▸ **DIRECTIONS**
All of the listing must be given again exactly, except that the images are dropped.

▸ **SOURCE MATERIAL**
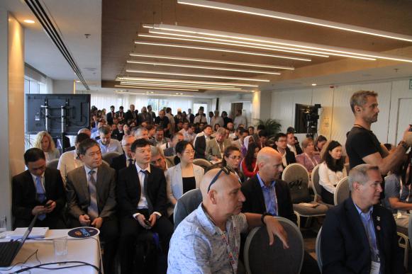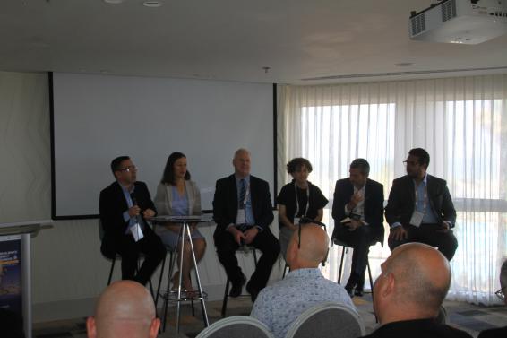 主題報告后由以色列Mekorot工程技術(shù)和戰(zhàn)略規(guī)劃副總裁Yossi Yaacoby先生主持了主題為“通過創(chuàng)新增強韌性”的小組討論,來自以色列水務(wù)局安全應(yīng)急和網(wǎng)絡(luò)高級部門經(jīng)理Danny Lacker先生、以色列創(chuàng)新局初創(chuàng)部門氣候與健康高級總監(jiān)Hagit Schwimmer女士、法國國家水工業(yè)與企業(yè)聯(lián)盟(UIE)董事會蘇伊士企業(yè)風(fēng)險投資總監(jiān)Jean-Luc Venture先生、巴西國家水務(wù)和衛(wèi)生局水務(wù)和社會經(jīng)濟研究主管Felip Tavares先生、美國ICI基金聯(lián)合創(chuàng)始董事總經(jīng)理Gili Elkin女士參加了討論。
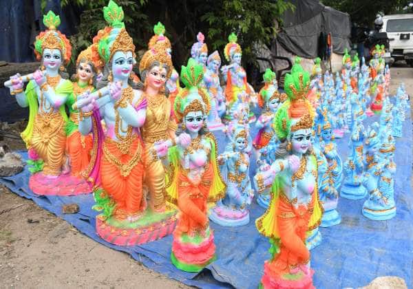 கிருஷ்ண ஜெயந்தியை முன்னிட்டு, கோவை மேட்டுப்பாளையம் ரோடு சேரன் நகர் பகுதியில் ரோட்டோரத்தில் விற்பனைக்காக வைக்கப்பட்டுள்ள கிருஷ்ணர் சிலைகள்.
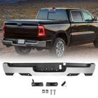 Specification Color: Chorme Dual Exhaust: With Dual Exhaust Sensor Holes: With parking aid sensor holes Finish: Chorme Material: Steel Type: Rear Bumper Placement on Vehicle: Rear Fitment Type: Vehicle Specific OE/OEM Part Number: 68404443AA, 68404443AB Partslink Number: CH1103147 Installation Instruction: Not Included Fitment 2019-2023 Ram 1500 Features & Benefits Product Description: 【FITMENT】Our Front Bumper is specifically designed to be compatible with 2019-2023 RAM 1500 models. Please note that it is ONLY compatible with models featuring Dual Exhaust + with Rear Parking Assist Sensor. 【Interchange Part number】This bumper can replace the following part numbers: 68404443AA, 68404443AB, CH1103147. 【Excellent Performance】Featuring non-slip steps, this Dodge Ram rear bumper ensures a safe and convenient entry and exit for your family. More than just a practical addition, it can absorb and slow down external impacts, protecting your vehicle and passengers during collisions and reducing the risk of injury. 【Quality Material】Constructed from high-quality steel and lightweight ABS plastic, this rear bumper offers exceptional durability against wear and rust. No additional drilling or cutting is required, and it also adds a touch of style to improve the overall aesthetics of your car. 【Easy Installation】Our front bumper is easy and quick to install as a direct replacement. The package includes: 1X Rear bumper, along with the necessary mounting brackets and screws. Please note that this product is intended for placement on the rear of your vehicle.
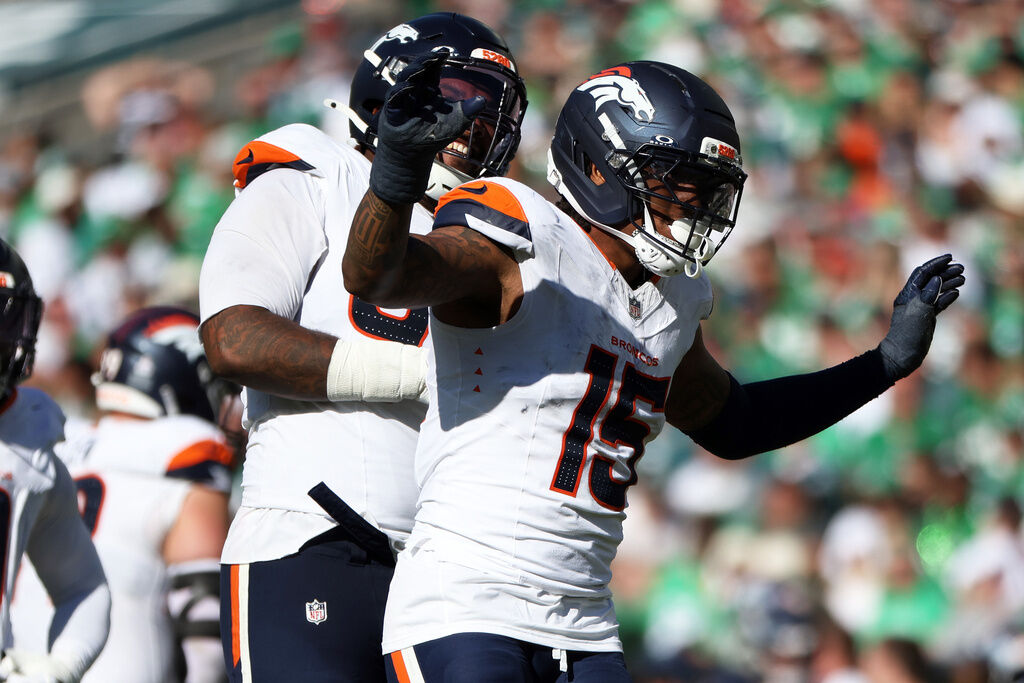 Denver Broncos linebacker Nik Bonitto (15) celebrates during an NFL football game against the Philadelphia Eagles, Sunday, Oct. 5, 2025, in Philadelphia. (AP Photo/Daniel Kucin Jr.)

▸ **OUTPUT FOR THIS TASK**
 主題報告后由以色列Mekorot工程技術(shù)和戰(zhàn)略規(guī)劃副總裁Yossi Yaacoby先生主持了主題為“通過創(chuàng)新增強韌性”的小組討論,來自以色列水務(wù)局安全應(yīng)急和網(wǎng)絡(luò)高級部門經(jīng)理Danny Lacker先生、以色列創(chuàng)新局初創(chuàng)部門氣候與健康高級總監(jiān)Hagit Schwimmer女士、法國國家水工業(yè)與企業(yè)聯(lián)盟(UIE)董事會蘇伊士企業(yè)風(fēng)險投資總監(jiān)Jean-Luc Venture先生、巴西國家水務(wù)和衛(wèi)生局水務(wù)和社會經(jīng)濟研究主管Felip Tavares先生、美國ICI基金聯(lián)合創(chuàng)始董事總經(jīng)理Gili Elkin女士參加了討論。
 கிருஷ்ண ஜெயந்தியை முன்னிட்டு, கோவை மேட்டுப்பாளையம் ரோடு சேரன் நகர் பகுதியில் ரோட்டோரத்தில் விற்பனைக்காக வைக்கப்பட்டுள்ள கிருஷ்ணர் சிலைகள்.
 Specification Color: Chorme Dual Exhaust: With Dual Exhaust Sensor Holes: With parking aid sensor holes Finish: Chorme Material: Steel Type: Rear Bumper Placement on Vehicle: Rear Fitment Type: Vehicle Specific OE/OEM Part Number: 68404443AA, 68404443AB Partslink Number: CH1103147 Installation Instruction: Not Included Fitment 2019-2023 Ram 1500 Features & Benefits Product Description: 【FITMENT】Our Front Bumper is specifically designed to be compatible with 2019-2023 RAM 1500 models. Please note that it is ONLY compatible with models featuring Dual Exhaust + with Rear Parking Assist Sensor. 【Interchange Part number】This bumper can replace the following part numbers: 68404443AA, 68404443AB, CH1103147. 【Excellent Performance】Featuring non-slip steps, this Dodge Ram rear bumper ensures a safe and convenient entry and exit for your family. More than just a practical addition, it can absorb and slow down external impacts, protecting your vehicle and passengers during collisions and reducing the risk of injury. 【Quality Material】Constructed from high-quality steel and lightweight ABS plastic, this rear bumper offers exceptional durability against wear and rust. No additional drilling or cutting is required, and it also adds a touch of style to improve the overall aesthetics of your car. 【Easy Installation】Our front bumper is easy and quick to install as a direct replacement. The package includes: 1X Rear bumper, along with the necessary mounting brackets and screws. Please note that this product is intended for placement on the rear of your vehicle.
 Denver Broncos linebacker Nik Bonitto (15) celebrates during an NFL football game against the Philadelphia Eagles, Sunday, Oct. 5, 2025, in Philadelphia. (AP Photo/Daniel Kucin Jr.)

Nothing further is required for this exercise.